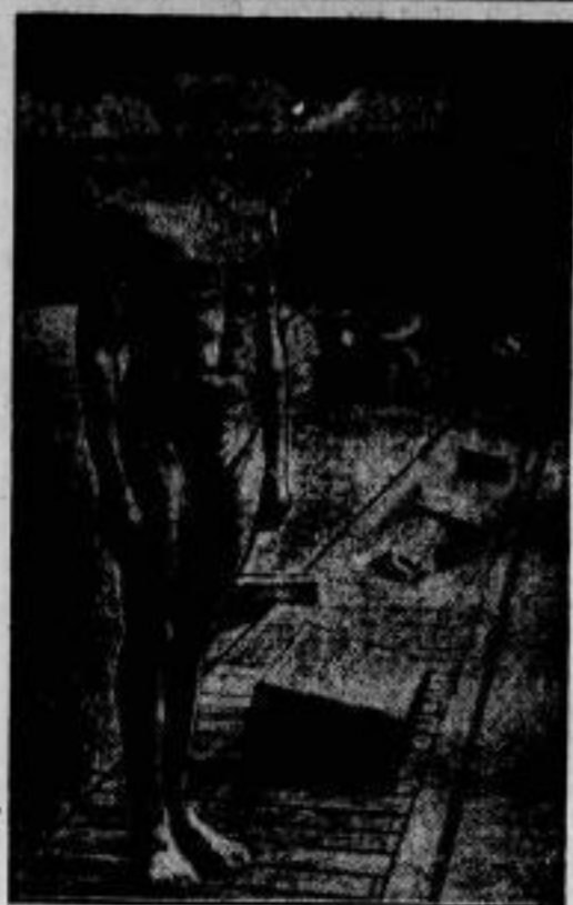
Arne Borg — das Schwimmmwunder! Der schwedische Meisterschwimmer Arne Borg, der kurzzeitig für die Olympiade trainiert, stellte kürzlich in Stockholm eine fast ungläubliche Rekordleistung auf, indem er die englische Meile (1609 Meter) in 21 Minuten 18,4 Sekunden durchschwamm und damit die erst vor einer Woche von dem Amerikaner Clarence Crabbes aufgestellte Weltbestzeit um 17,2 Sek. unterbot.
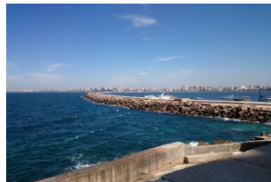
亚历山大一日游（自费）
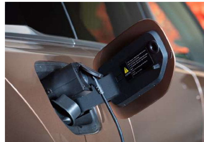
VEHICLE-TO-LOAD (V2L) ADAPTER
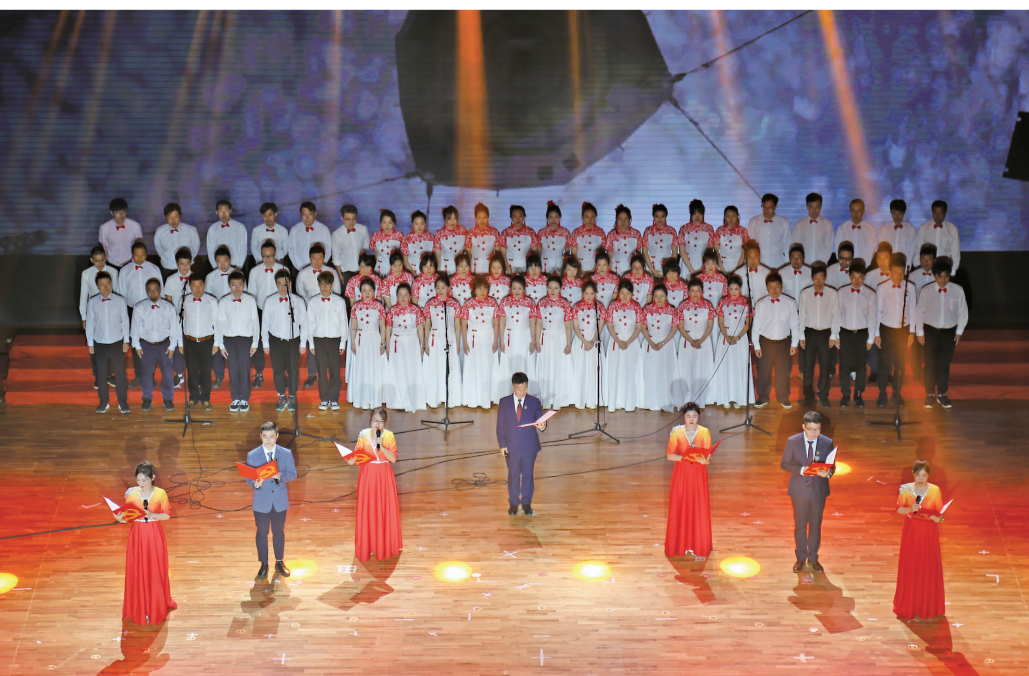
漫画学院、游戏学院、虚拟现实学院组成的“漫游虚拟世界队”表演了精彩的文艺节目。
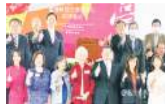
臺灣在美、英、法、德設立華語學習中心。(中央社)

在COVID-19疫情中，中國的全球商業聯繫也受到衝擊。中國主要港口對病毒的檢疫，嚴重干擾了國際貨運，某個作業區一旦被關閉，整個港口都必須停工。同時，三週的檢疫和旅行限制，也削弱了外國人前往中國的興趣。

········

### WHAT IS NEEDED
Nothing but the lines from the line containing "亚历山大一日游（自费）" through the last line of the records above is to be extracted, exactly and with no pictures.

### YOUR SOLUTION
亚历山大一日游（自费）
VEHICLE-TO-LOAD (V2L) ADAPTER
漫画学院、游戏学院、虚拟现实学院组成的“漫游虚拟世界队”表演了精彩的文艺节目。
臺灣在美、英、法、德設立華語學習中心。(中央社)

在COVID-19疫情中，中國的全球商業聯繫也受到衝擊。中國主要港口對病毒的檢疫，嚴重干擾了國際貨運，某個作業區一旦被關閉，整個港口都必須停工。同時，三週的檢疫和旅行限制，也削弱了外國人前往中國的興趣。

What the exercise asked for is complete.